Fundraising solicitation statements

Currently professional fundraisers and commercial participators fundraising for charities must have a written agreement with the charity, and must make a statement telling potential donors that they are getting paid when they ask for money. This is so that potential donors can make an informed choice about giving.

The Act makes two main changes these ‘solicitation statements’:

  • they will have to include the amount the professional fundraiser or commercial participator will be paid for fundraising for the appeal, or if the specific amount isn’t known, to give a reasonably accurate estimate of what they’ll receive.
  • Slightly different statements will also have to be made by employees, officers and trustees of charities who act as collectors. This doesn’t apply to volunteers

Public charitable collections

The Act provides for a new system for licensing charitable collections in public. It applies to all such collections, including face-to-face fundraising, involving requests for direct debits.

There is a new role for the Commission in checking whether charities and other organisations are fit and proper to carry out public collections and we will be responsible for issuing public collections certificates, valid for up to five years.

We need to develop the right regulations and guidance so that we can take on this new role. We also need the necessary resources to set up the new systems and this will take time to set up. We don’t envisage taking on this function for a few years yet.

Collections in public places

Previous legislation referred to ‘street’ collections. The Act extends this to collections in ‘public places’ which includes some privately owned land, such as railway station ticket halls and supermarket forecourts. Once a charity has a public collections certificate it will be able to apply to a local authority for a permit to hold collections at certain times in certain places in that local authority area.

Local authorities will ensure that there are not too many collections taking place at the same time, in the same place.

Door to door collections

Previous legislation referred to ‘house to house’ collections. The Act refers instead to ‘door to door’ collections, to make clear that this includes business premises.

A charity with a public collections certificate will be able to conduct door to door collections without permission from a local authority, but it must inform the local authority that the collection is taking place.

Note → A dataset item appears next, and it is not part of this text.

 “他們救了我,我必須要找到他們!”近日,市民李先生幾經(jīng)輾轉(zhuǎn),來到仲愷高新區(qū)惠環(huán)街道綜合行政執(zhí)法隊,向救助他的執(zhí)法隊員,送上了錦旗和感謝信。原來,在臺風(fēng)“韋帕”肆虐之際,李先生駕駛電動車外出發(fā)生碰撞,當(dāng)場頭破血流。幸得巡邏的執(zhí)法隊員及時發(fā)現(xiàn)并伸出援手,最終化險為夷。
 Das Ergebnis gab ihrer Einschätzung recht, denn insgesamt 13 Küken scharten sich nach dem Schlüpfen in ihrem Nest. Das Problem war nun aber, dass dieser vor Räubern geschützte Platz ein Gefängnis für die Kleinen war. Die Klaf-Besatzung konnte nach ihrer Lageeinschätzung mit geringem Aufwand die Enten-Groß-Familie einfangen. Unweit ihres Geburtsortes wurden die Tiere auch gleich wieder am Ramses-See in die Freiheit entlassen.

Local, short-term collections

Some collections will be exempt from licensing and will not require either a certificate or permit, but organisers will have to notify the local authority that the collection is taking place; so small scale activities like carol singing should not be disproportionately affected.

New Charity Tribunal

Sometimes charities and others affected by a legal decision we’ve made feel that the decision is wrong and want to challenge it. In order to appeal against a decision by the Commission, the case must currently be taken to the High Court, which is difficult and expensive.

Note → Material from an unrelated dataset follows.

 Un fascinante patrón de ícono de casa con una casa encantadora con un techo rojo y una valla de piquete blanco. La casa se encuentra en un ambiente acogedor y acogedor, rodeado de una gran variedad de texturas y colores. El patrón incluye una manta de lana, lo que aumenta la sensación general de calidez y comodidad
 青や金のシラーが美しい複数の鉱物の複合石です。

The Act will create a new Charity Tribunal to deal with appeals against, and reviews of, legal decisions by the Commission. It will also take referrals from the Commission or the Attorney General which involve the operation or application of charity law.

Establishing the Tribunal is the responsibility of the Department for Constitutional Affairs and it’s expected it will take at least a year to set it up.

The Charity Tribunal won’t deal with customer service complaints. These will continue to be dealt with by our internal complaints system and the Independent Complaints Reviewer.